Neaverth is a member of the Buffalo Broadcast Pioneers Hall of Fame and the New York State Broadcasters Association Hall of Fame.

==Other appearances==
Neaverth also had a very long run as the public address announcer for the Buffalo Bills for 13 years. He also served as the public address announcer for the Buffalo Braves throughout the team's existence.

As part of his work with WKBW, he and his fellow disc jockeys played as part of the "KB Yo-Yo Basketball Team," a Washington Generals-like sports entertainment squad that would travel to local schools and play charity games against teachers, deliberately losing every time.

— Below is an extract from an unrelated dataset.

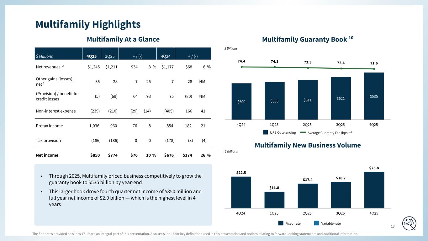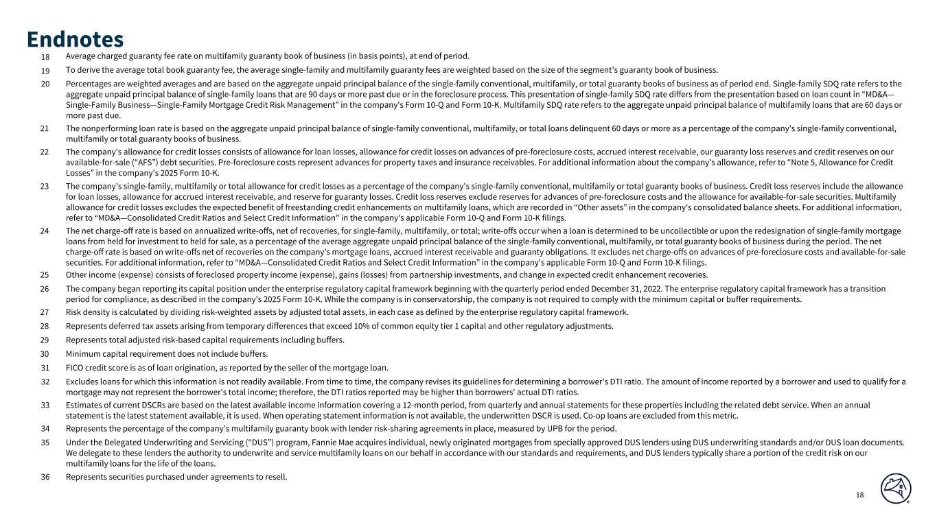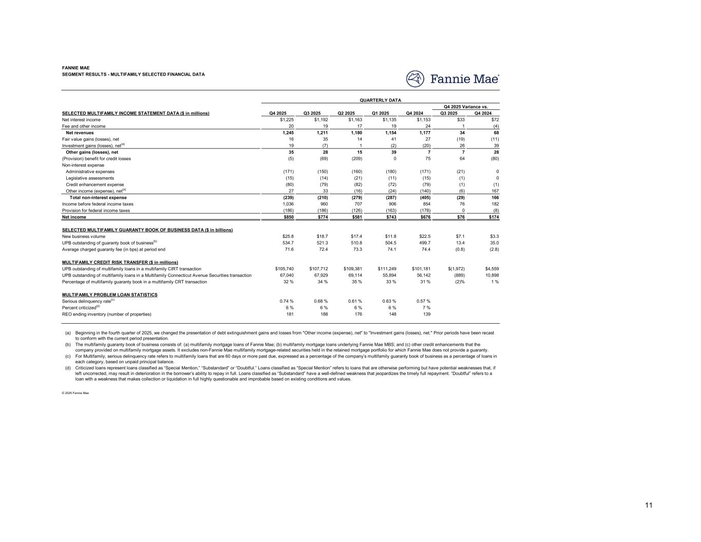 Q4 2025 Q3 2025 Q2 2025 Q1 2025 Q4 2024 Q3 2025 Q4 2024 $1,225 $1,192 $1,163 $1,135 $1,153 $33 $72 20 19 17 19 24 1 (4) 1,245 1,211 1,180 1,154 1,177 34 68 16 35 14 41 27 (19) (11) 19 (7) 1 (2) (20) 26 39 35 28 15 39 7 7 28 (5) (69) (209) 0 75 64 (80) (171) (150) (160) (180) (171) (21) 0 (15) (14) (21) (11) (15) (1) 0 (80) (79) (82) (72) (79) (1) (1) 27 33 (16) (24) (140) (6) 167 (239) (210) (279) (287) (405) (29) 166 1,036 960 707 906 854 76 182 (186) (186) (126) (163) (178) 0 (8) $850 $774 $581 $743 $676 $76 $174 $25.8 $18.7 $17.4 $11.8 $22.5 $7.1 $3.3 534.7 521.3 510.8 504.5 499.7 13.4 35.0 71.6 72.4 73.3 74.1 74.4 (0.8) (2.8) $105,740 $107,712 $109,381 $111,249 $101,181 $(1,972) $4,559 67,040 67,929 69,114 55,894 56,142 (889) 10,898 32 % 34 % 35 % 33 % 31 % (2)% 1 % 0.74 % 0.68 % 0.61 % 0.63 % 0.57 % 6 % 6 % 6 % 6 % 7 % 181 188 176 148 139 (a) (b) (c) (d) SEGMENT RESULTS - MULTIFAMILY SELECTED FINANCIAL DATA FANNIE MAE Net interest income SELECTED MULTIFAMILY INCOME STATEMENT DATA ($ in millions) Q4 2025 Variance vs. QUARTERLY DATA Net revenues Fee and other income Fair value gains (losses), net Non-interest expense Other gains (losses), net Investment gains (losses), net(a) Legislative assessments Administrative expenses (Provision) benefit for credit losses Credit enhancement expense Other income (expense), net(a) Income before federal income taxes Total non-interest expense Net income Provision for federal income taxes SELECTED MULTIFAMILY GUARANTY BOOK OF BUSINESS DATA ($ in billions) UPB outstanding of guaranty book of business(b) New business volume Average charged guaranty fee (in bps) at period end MULTIFAMILY CREDIT RISK TRANSFER ($ in millions) © 2026 Fannie Mae UPB outstanding of multifamily loans in a multifamily CIRT transaction Percentage of multifamily guaranty book in a multifamily CRT transaction UPB outstanding of multifamily loans in a Multifamily Connecticut Avenue Securities transaction Criticized loans represent loans classified as “Special Mention,” “Substandard” or “Doubtful.” Loans classified as “Special Mention” refers to loans that are otherwise performing but have potential weaknesses that, if left uncorrected, may result in deterioration in the borrower’s ability to repay in full. Loans classified as “Substandard” have a well-defined weakness that jeopardizes the timely full repayment. “Doubtful” refers to a loan with a weakness that makes collection or liquidation in full highly questionable and improbable based on existing conditions and values. For Multifamily, serious delinquency rate refers to multifamily loans that are 60 days or more past due, expressed as a percentage of the company’s multifamily guaranty book of business as a percentage of loans in each category, based on unpaid principal balance. Beginning in the fourth quarter of 2025, we changed the presentation of debt extinguishment gains and losses from "Other income (expense), net" to "Investment gains (losses), net." Prior periods have been recast to conform with the current period presentation. The multifamily guaranty book of business consists of: (a) multifamily mortgage loans of Fannie Mae; (b) multifamily mortgage loans underlying Fannie Mae MBS; and (c) other credit enhancements that the company provided on multifamily mortgage assets. It excludes non-Fannie Mae multifamily mortgage-related securities held in the retained mortgage portfolio for which Fannie Mae does not provide a guaranty. MULTIFAMILY PROBLEM LOAN STATISTICS Serious delinquency rate(c) Percent criticized(d) REO ending inventory (number of properties) 11

Neaverth has also been seen frequently on television. Neaverth, while still doing disc jockey work at WKBW, also served as noon weatherman for sister station WKBW-TV, despite taking all the forecasts from Accuweather and admittedly not knowing at all what he was doing. In the late 1980s, Neaverth moved to WGRZ-TV and hosted the talk show Nearly Noon with Dan Neaverth, which lasted roughly two years before WGRZ cancelled all of its non-news programs; Neaverth pressed WGRZ to honor his contract and was assigned to report to work and do nothing until the contract was fulfilled. 2016, he began producing a series of segments called I've Been Thinking for WBBZ-TV.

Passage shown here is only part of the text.